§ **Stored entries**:
════════

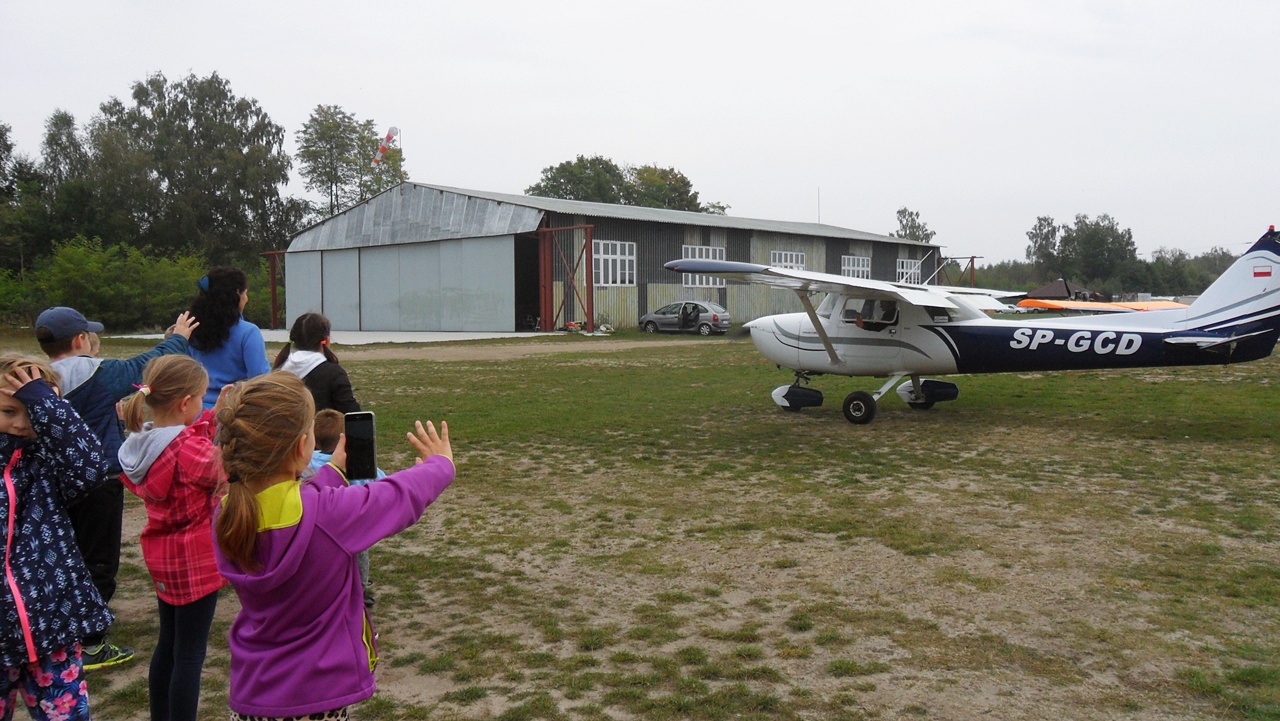 25 września klasa 2a uczestniczyła w wycieczce do Laszek na lotnisko Aeroklubu Ziemi Jarosławskiej, gdzie pan Mirosław Chomik /tata ucznia/ opowiedział o swojej pasji latania. Dzieci obejrzały szybowce, paralotnię, samoloty i mogły sprawdzić, jak siedzi się w kabinie pilota, czy też w „kokonie” lotni. Był to przyjemny czas „lekcji w terenie”, który na pewno uczniowie zapamiętają, a może też zainteresują się takim sportem w przyszłości.
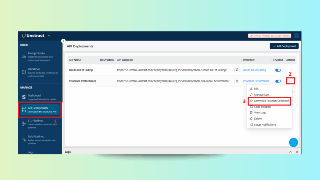 Access the API Keys section in LLMWhisperer and download the pre-configured Postman collection.
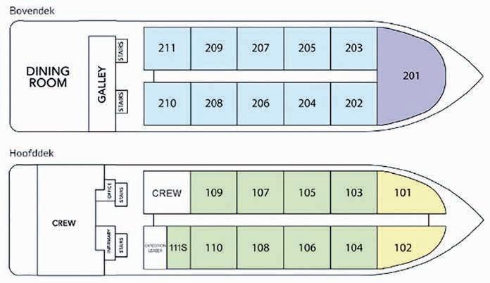 Reserveringen worden verwerkt op volgorde van binnenkomst. Kiest u ervoor om vroeg te boeken, dan resulteert dit vaak in een gunstiger gelegen cabine.
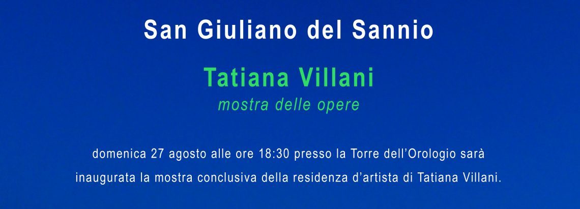 Vis à Vis – Fuoriluogo 20 Artists in Residence Project San Giuliano del Sannio (CB) Torre dell’Orologio Tatiana Villani Domenica 27 agosto alle ore 18,30 presso la Torre dell’Orologio a San Giuliano del Sannio l’inaugurazione della mostra conclusiva delle opere realizzate dall’artista in residenza Tatiana Villani. I lavori sono il risultato di circa un mese
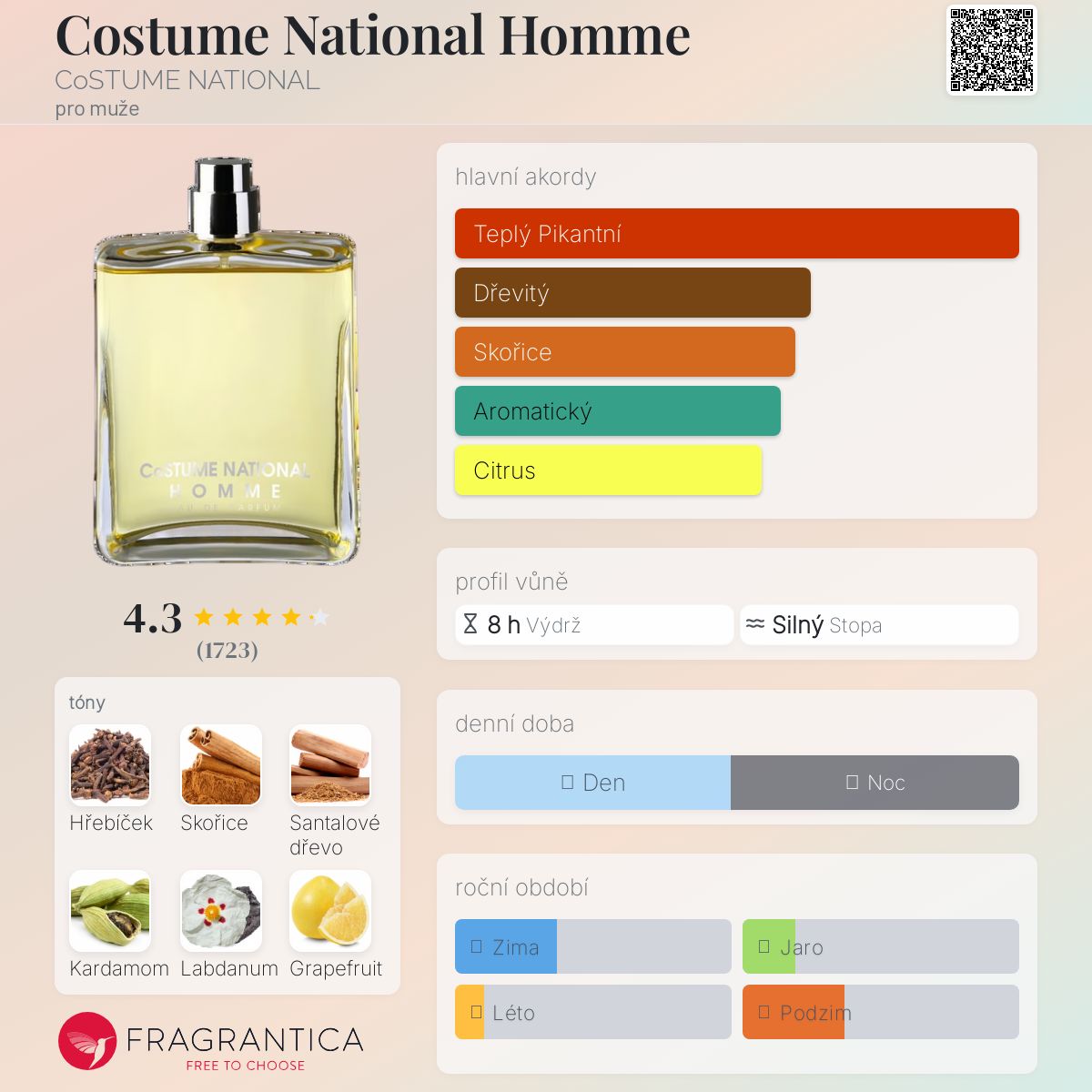 Costume National Homme podle CoSTUME NATIONAL je Woody Spicy vůně pro muže. Costume National Homme byl/a uveden/a v roce 2009. "Nosem" za touto vůní je Dominique Ropion. Vrchní tóny jsou Kardamom, Grapefruit a Bergamot; střední tóny jsouHřebíček, Skořice a Tymián ; základní tóny jsou Santalové dřevo, Labdanum a Pačuli.

════════

§ **TASK ITEM**: Reproduce the data exactly as it appears above. Pictures are to be left out.

§ **THE COMPLETED TASK**:
 25 września klasa 2a uczestniczyła w wycieczce do Laszek na lotnisko Aeroklubu Ziemi Jarosławskiej, gdzie pan Mirosław Chomik /tata ucznia/ opowiedział o swojej pasji latania. Dzieci obejrzały szybowce, paralotnię, samoloty i mogły sprawdzić, jak siedzi się w kabinie pilota, czy też w „kokonie” lotni. Był to przyjemny czas „lekcji w terenie”, który na pewno uczniowie zapamiętają, a może też zainteresują się takim sportem w przyszłości.
 Access the API Keys section in LLMWhisperer and download the pre-configured Postman collection.
 Reserveringen worden verwerkt op volgorde van binnenkomst. Kiest u ervoor om vroeg te boeken, dan resulteert dit vaak in een gunstiger gelegen cabine.
 Vis à Vis – Fuoriluogo 20 Artists in Residence Project San Giuliano del Sannio (CB) Torre dell’Orologio Tatiana Villani Domenica 27 agosto alle ore 18,30 presso la Torre dell’Orologio a San Giuliano del Sannio l’inaugurazione della mostra conclusiva delle opere realizzate dall’artista in residenza Tatiana Villani. I lavori sono il risultato di circa un mese
 Costume National Homme podle CoSTUME NATIONAL je Woody Spicy vůně pro muže. Costume National Homme byl/a uveden/a v roce 2009. "Nosem" za touto vůní je Dominique Ropion. Vrchní tóny jsou Kardamom, Grapefruit a Bergamot; střední tóny jsouHřebíček, Skořice a Tymián ; základní tóny jsou Santalové dřevo, Labdanum a Pačuli.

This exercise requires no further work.